Sport 27: Spring 2001
Bob Orr
Bob Orr
The Tyre Shop
It begins every morning—
I'm sitting at my desk trying to tap into inspiration
but really I'm just waiting for the tyre shop man to show up—
when he rolls a cigarette I might just roll one too
I notice like me that before anything else he drinks coffee
we're neighbours I guess you could say
when he winds up the roller doors it's like the first act of a play.
On the pavement on each side of him
the tyres are stacked up like black donuts
but when they spin in the wheel-alignment machine
they become the dark rings of invisible planets.
Does he know how intrigued I've become with these mysteries.
The tyre shop man bear-like in blue overalls
lumbers about in front of the tyre shop's cavernous dark.
One day I'll tell him that I too have struggled
to get words to align. To work out their balance
their weight. The true measure of their rhyme.
But later I watch as the sun subsides
through the gum trees in the park at the back of my flat—
all of a sudden so big that not even they can keep it held up.
A wild orb of redness tearing itself apart
ripped from its axle breaking open the branches.
A little while later like a wheel cut from crystal
the moon will lift out over the great emptiness and silence
of Eden Park's huge stadiums. The other poem may or may not ever
be written but this is one for the tyre shop man—oh
stranger and neighbour.
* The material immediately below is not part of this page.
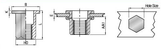 | 螺纹 Thread | 编号 P/N | T(GRIP RANGE) MIN MAX | A Ref | +0.1 0 | HD +0.07 ■OJ | B | K ±0.15 | L ±0.30 |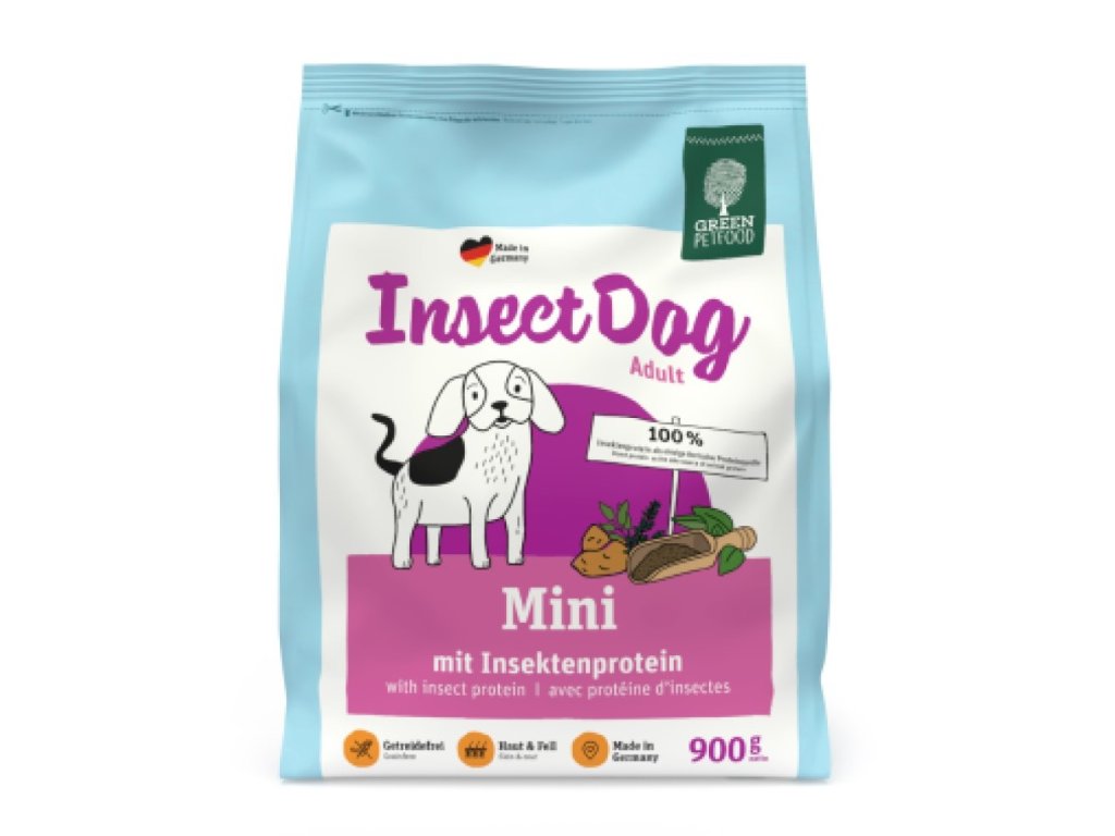 Krmivo Green Petfood InsectDog Mini je dokonalým krmivem pro malé psy s citlivostí na krmivo! Je plné chuti díky lahodné receptuře s hmyzími bílkovinami a bylinkami. Toto krmivo pro psy s živočišnými monoproteiny pro dospělé psy malých plemen má navíc vynikající míru přijatelnosti, protože neobsahuje obiloviny a je lehce stravitelné. Krmivo pro citlivé psy malých plemen obsahuje hmyzí bílkovinu. Jedná se o trvale udržitelný zdroj bílkovin číslo jedna pro budoucnost. Hodovat na chutném krmivu a šetřit planetu.Složení: 20,0% hmyz, sušené sladké brambory, hrachová mouka (přírodní zdroj aminokyselin), 13,0% drůbeží tuk, bramborová bílkovina, sušené brambory, řepná vláknina, částečně hydrolyzované kvasnice, minerální látky, byliny, ovoce. Deklarované jakostní znaky: hrubý protein 25%, hrubý tuk 16,0%, hrubá vláknina 3,5%, hrubý popel 6,9%, vápník 0,95%, fosfor 0,70% Doporučené množství krmiva je uvedeno na zvíře a den na základě cílové hmotnosti dospělého jedince. Vezměte prosím na vědomí, že uvedená množství jsou pouze orientační a musí být přizpůsobena výživnému stavu vašeho zvířete a jeho aktivitě. Dbejte na to, aby vaše zvíře mělo neustále k dispozici čerstvou vodu. váha psa neaktivní a starší pes normálně aktivní aktivní 2 kg 35g 45g 50g 5 kg 55g 75g 85g 10 kg 85g 110g 135g 20 kg 140g 195g 245g 30 kg 190g 265g 335gDoplňkové parametry

My accomplice
my mentor
and my muse.
An Elephant On K. Rd
At midday on K. Rd outside of ‘Little India’
I pause by rice sacks stamped with elephants—
at midday on K. Rd as the Indian shopkeeper
suddenly splits open the equator of a watermelon
I'm lost in a reverie of sunlight and traffic fumes.
K. Rd becomes an open vein…K. Rd becomes the River Ganges
where funeral pyres float burning through a blue and smoky heat haze.
As if in a dream two Buddhist monks stand in front of a money machine.
In the Regent Fish Shop window a snapper peers aghast through gold
lettering.
In the Salvation Army Thrift Shop old shoes unwanted and forlorn
pine once again to walk the streets of the city.
Old coats voluminous with other life
dream that someone one more time might fill their sweat-stained linings.
In a room upstairs at the Rising Sun
a guy with no work hears a fridge through the wall
shudder to a halt as if it were his own heart
that had suddenly murmured. He looks out the one window
to a block of apartments shaped like a harmonica.
Through the half-opened door of The South Pacific Sauna
faded purple curtains move about in the wind
like the first act of a play
that is uncertain of how or when to begin.
In the tattoo parlour a girl who sold her body for a few scraps of paper
at midday discovers a rose tattoo on her shoulder.
At midday I find myself still outside of ‘Little India’—
the shopkeeper's machete is wet with watermelon
an elephant surrounded by white butterflies
walks slowly through red traffic lights.
On the dusty parchment of its skin I begin to read this poem.